Zunkai Dai, Ke Li, Jiajia Liu, Jie Yang, Yuanyuan Qiao

Published 2026-03-12
📖 4 min read☕ Coffee break read

Imagine you are hiring a security guard to watch over a thousand different places: a busy park, a quiet library, a chaotic construction site, and a high-speed racetrack.

The Old Problem:
Traditionally, to train this guard, you'd have to show them thousands of videos of specific bad things happening in specific places.

  • "Here is a fight in a park."
  • "Here is a car crash on a racetrack."
  • "Here is a robbery in a bank."

If a new type of trouble happens—say, someone starts juggling chainsaws in the library—the guard has no idea what to do because they've never seen "chainsaw juggling" before. They are stuck in a "closed world" where they only know what they were explicitly taught.

The New Solution (LAVIDA):
The paper introduces LAVIDA, a new kind of AI security guard. Instead of memorizing specific bad events, LAVIDA learns the concept of "badness" and uses a super-smart brain (a Multimodal Large Language Model, or MLLM) to understand context.

Here is how it works, broken down with simple analogies:

1. The "Fake Crime" Training Camp (Anomaly Exposure Sampler)

You can't train a guard on real crimes because real crimes are rare and dangerous to film. So, LAVIDA uses a clever trick.

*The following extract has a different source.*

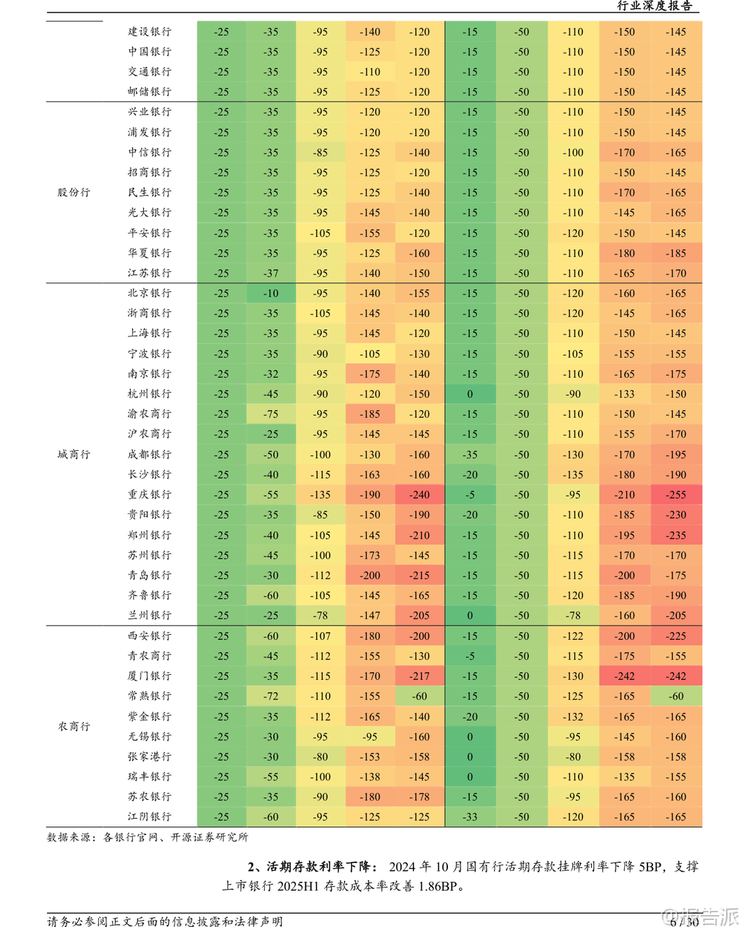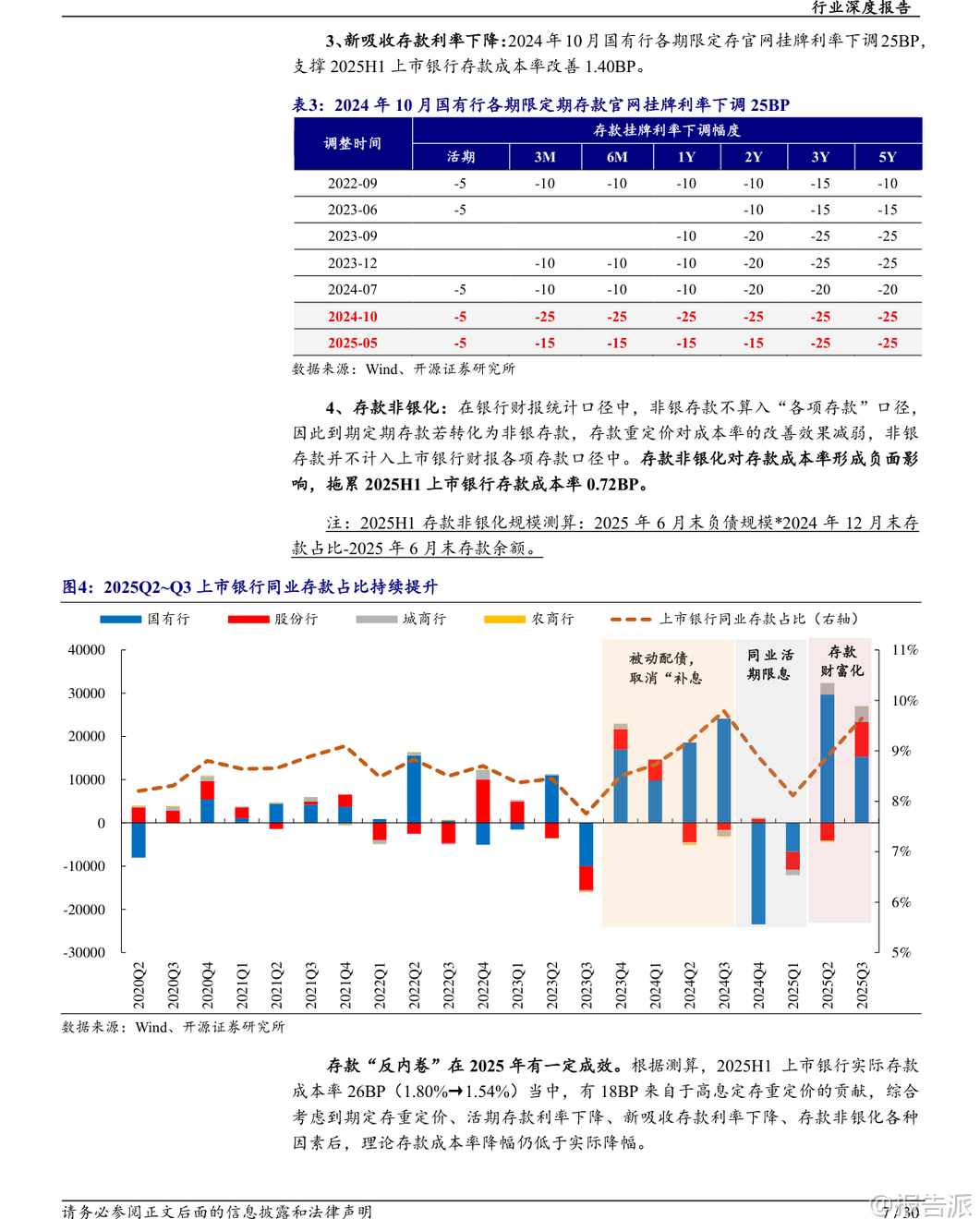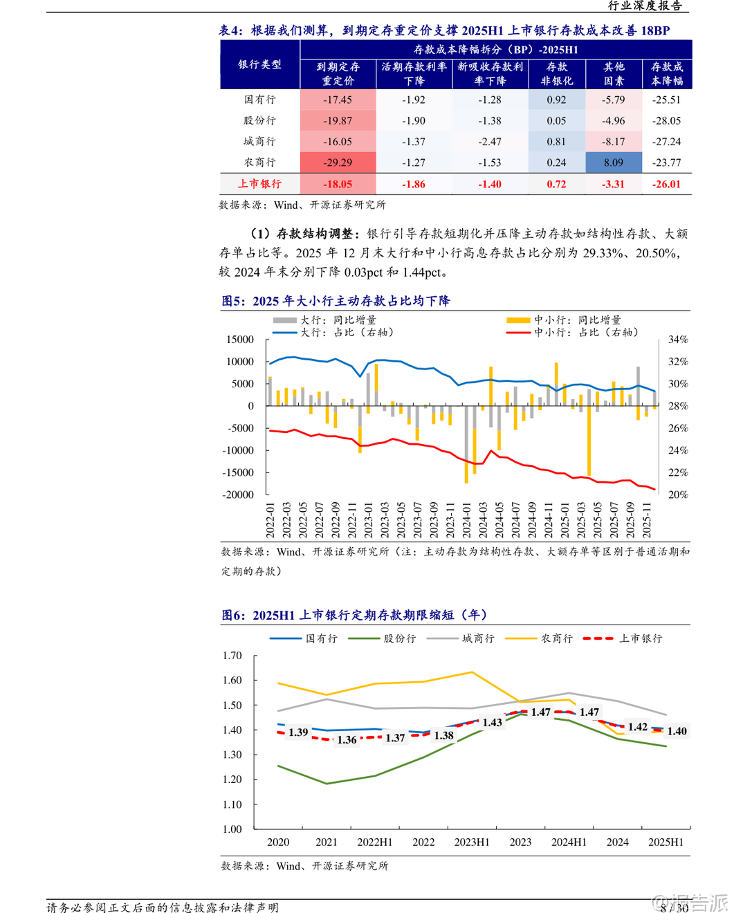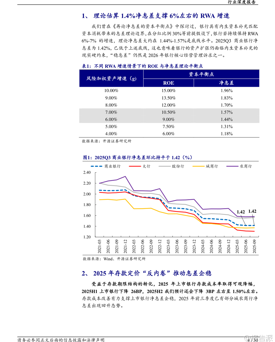 | 2026年银行净息差有望筑底企稳,尽管仍面临小幅收窄压力。 根据开源证券发布的《2026年净息差展望:筑底企稳》深度报告,预计2026年上市银行净息差将同比收窄约4BP,降幅明显趋缓,整体呈现“前高后低”的走势,主要改善动力来自负债端高息定期存款的集中到期重定价。 报告指出,2025年第三季度商业银行净息差已降至1.42%,低于维持6%-7%风险加权资产(RWA)增速所需的理论平衡点1.44%-1.57%。 这表明银行资产扩张正面临内生资本补充的硬约束,“稳息差”成为2026年银行业核心经营目标。 不过,得益于2025年以来存款定价“反内卷”政策的持续深化,息差下行趋势已得到初步遏制,部分城农商行在2025年前三季度甚至出现净息差企稳回升态势。 从2026年的核心影响因素看,资产端与负债端呈现“一降一升”的对冲格局。 资产端方面,三重压力将持续拖累息差表现。 其一,贷款重定价是最大拖累项,预计影响净息差-7.5BP,其中LPR每年一次的重定价贡献-2.5BP,而存量贷款到期续作时LPR加点幅度的普遍压缩则贡献-4.9BP,反映出银行在信贷竞争中议价能力的下降。 其二,地方政府债务置换进程继续推进,预计影响净息差-2.3BP。 其三,配置盘债券(AC账户)的重定价及增量投资收益率下滑,预计将拖累净息差-5.0BP。 近年来银行金融投资占总资产比重持续提升,但债市利率下行导致再配置收益走低,形成显著的息差压力。 相比之下,负债端迎来关键利好。 最大的积极因素是2026年将迎来高息定期存款的集中到期重定价窗口。 据测算,2026年上市银行到期定期存款规模高达53.8万亿元,其中上半年到期占比达60%,主要集中于国有大行。 这部分在2021-2023年高利率时期吸收的长期限、高成本存款,在2026年将按照当前更低的挂牌利率进行重定,预计将为上市银行节约利息支出,并直接支撑净息差改善+10BP,同时推动2026年上市银行存款平均成本率下降15BP至1.35%的历史低位。 此外,若央行在2026年第一季度降准50个基点,则可额外释放长期资金并降低银行负债成本,预计能进一步提振上市银行全年净息差0.46BP。 综合来看,尽管资产端的多重因素合计带来约-14BP的压力,但负债端仅定存重定价一项就可贡献+10BP的改善,再加上潜在的降准利好,最终使得2026年净息差的整体收窄幅度被有效控制在4BP左右,远好于此前市场悲观预期。 这意味着银行净息差最困难的时期或已过去,正在进入筑底企稳的新阶段。 基于此判断,报告给出了明确的投资建议。 推荐采取分层配置策略:(1)底仓配置大型国有银行,如农业银行、工商银行,其受益于Q1大规模的高息定存到期,负债成本改善最为显著;(2)核心配置头部综合龙头股份行,如招商银行、兴业银行,并推荐中信银行,它们兼具稳健的基本面和较强的综合服务能力;(3)弹性配置部分业绩增长潜力较大的区域性银行,如江苏银行、重庆银行、渝农商行等。 当然,报告也提示了两大主要风险:一是宏观经济增速若不及预期,可能导致信贷需求疲软和资产质量承压;二是债市利率若出现大幅波动,将直接影响银行FVTPL账户的市值和当期利润,进而影响业绩的稳定性。 总体而言,该报告为投资者描绘了一幅2026年银行业在息差压力缓解背景下逐步修复的图景。 本文由【报告派】研读,输出观点仅作为行业分析! 原文标题:原文标题:2026-02-03-开源证券-开源证券-银行行业深度报告:2026年净息差展望,筑底企稳 发布时间:2026年 报告出品方:开源证券

  • The Analogy: Imagine you have a photo album of normal animals (parrots, dogs, elephants). To teach the guard what "weird" looks like, you take a picture of a parrot and tell the guard, "In this scene, the parrot is the intruder." Then you take a picture of a car and say, "Here, the car is the intruder."
  • How it works: The AI takes normal images from the internet (like segmentation datasets) and randomly labels different objects as "suspicious." It creates thousands of "fake anomalies." This teaches the AI to look for anything that doesn't fit the current scene, without ever needing a single video of a real crime.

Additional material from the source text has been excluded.